As a historian, I have often argued in other contexts that even the most oppressed people have "agency," the ability, even within restricted circumstances, to act to alter their situations. That is, even given the reality of superior Israeli power, the Palestinians have had choices and they have too often made the wrong ones. On Nakba Day they might reexamine some of these choices and choose not just to mourn their past but to analyze their failures and move in more creative directions. [In my view, their most grievous error was in violently rejecting the UN partition plan in 1947, attempting by war to achieve one Arab state in all of Palestine, rather than accepting the existence of a predominantly Jewish state as a neighbor; the nakba resulted from their defeat in a war that they started in an ill-advised effort to destroy the Yishuv, the Jewish community in Palestine.– R. Seliger]

Professor Rashid Khalidi, a Palestinian-American who teaches at Columbia, has pointed out some of their past failures, which include: the PLO equivocation on accepting two states, their support of Saddam Hussein in the Gulf War, opting for armed conflict in the second intifadah leading to the collapse of Palestinian society, and their continuing recourse to the rhetoric of armed struggle. I would add to Khalidi’s list the manipulation of the Palestinian refugee situation, the terrible corruption in the ranks of Fatah and the encouragement, or acquiescence, in terrorism.

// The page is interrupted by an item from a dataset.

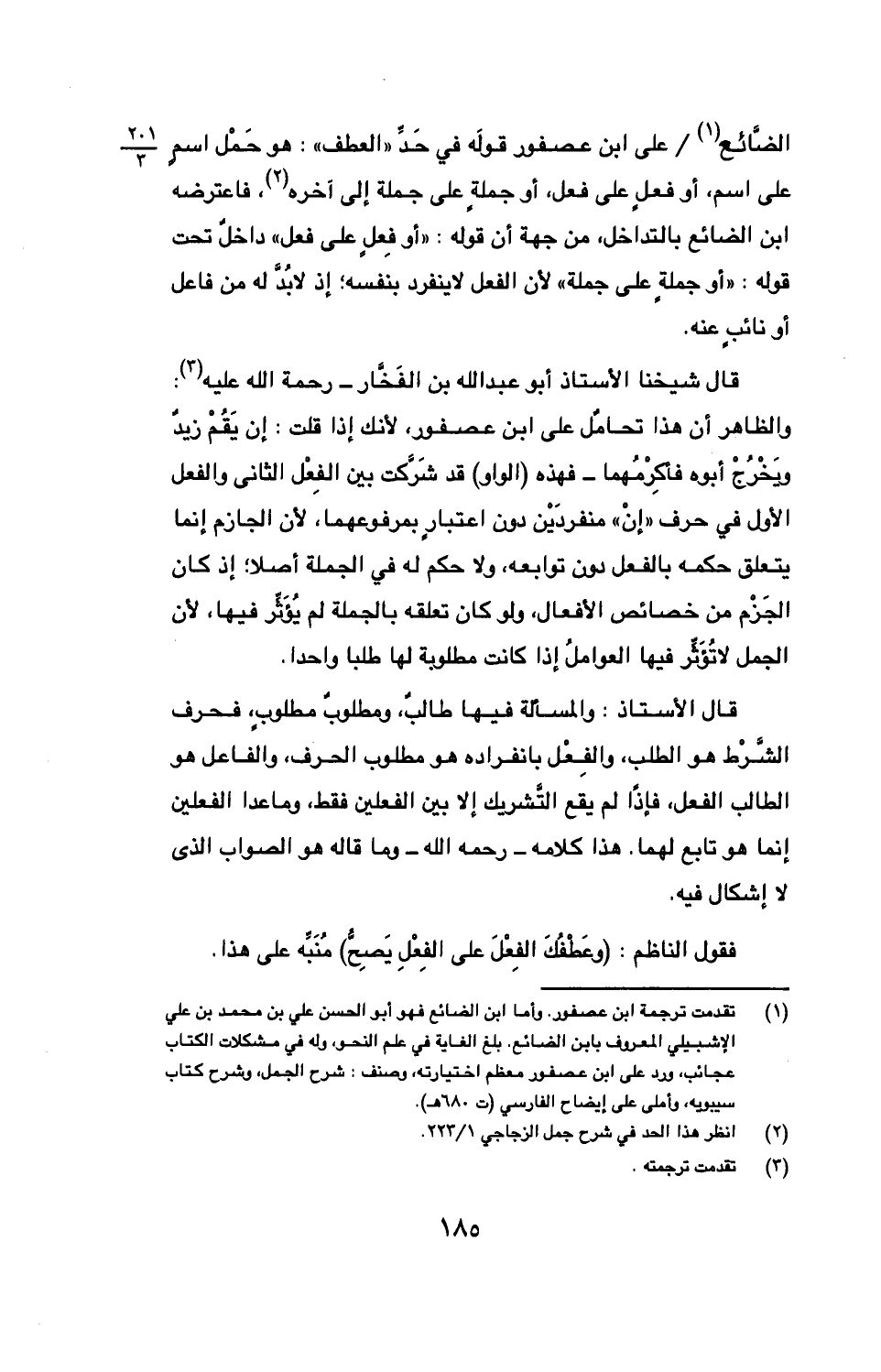 قال شيخنا الأستاذ أبو عبد الله بن الفخار - رحمه الله عليه: والظاهر أن هذا تحامل على ابن عصفور، لأنك إذا قلت: إن يقم زيد ويخرج أبوه فأكرمهما - فهذه (الواو) قد شركت بين الفعل الثاني والفعل الأول في حرف "إن" منفردين دون اعتبارٍ بمرفوعهما، لأن الجازم إنما يتعلق حكمه بالفعل دون توابعه، ولا حكم له في الجملة أصلا؛ إذ كان الجزم من خصائص الأفعال، ولو كان تعلقه بالجملة لم يؤثر فيها، لأن الجمل لا تؤثر فيها العوامل إذا كانت مطلوبة لها طلبا واحدا.

One could, of course, greatly extend this list but a few examples will have to suffice in order to indicate that the Palestinians have not just been powerless victims of catastrophe but have also co-authored the narrative of their current tragedy. I have no intention of excusing Israel for its settlement building, theft of Arab lands, checkpoints, unnecessary violence and the like but the Palestinians also made choices over these sixty years and they have most often been the wrong ones.

Nakba Day is the wrong choice. It sends a chilling message to every Israeli that the continuing Jewish presence is not only unjust but unwelcome. The Palestinians need to deliver different messages – first, that they accept Israel and earnestly desire a two state solution and second, that even while they will continue to denounce Israeli excesses, they will respond not with arms but with militant, non-violent resistance. The Palestinians must choose between more years of commemorating the Nakba or looking forward to celebrating the birth of a Palestinian state.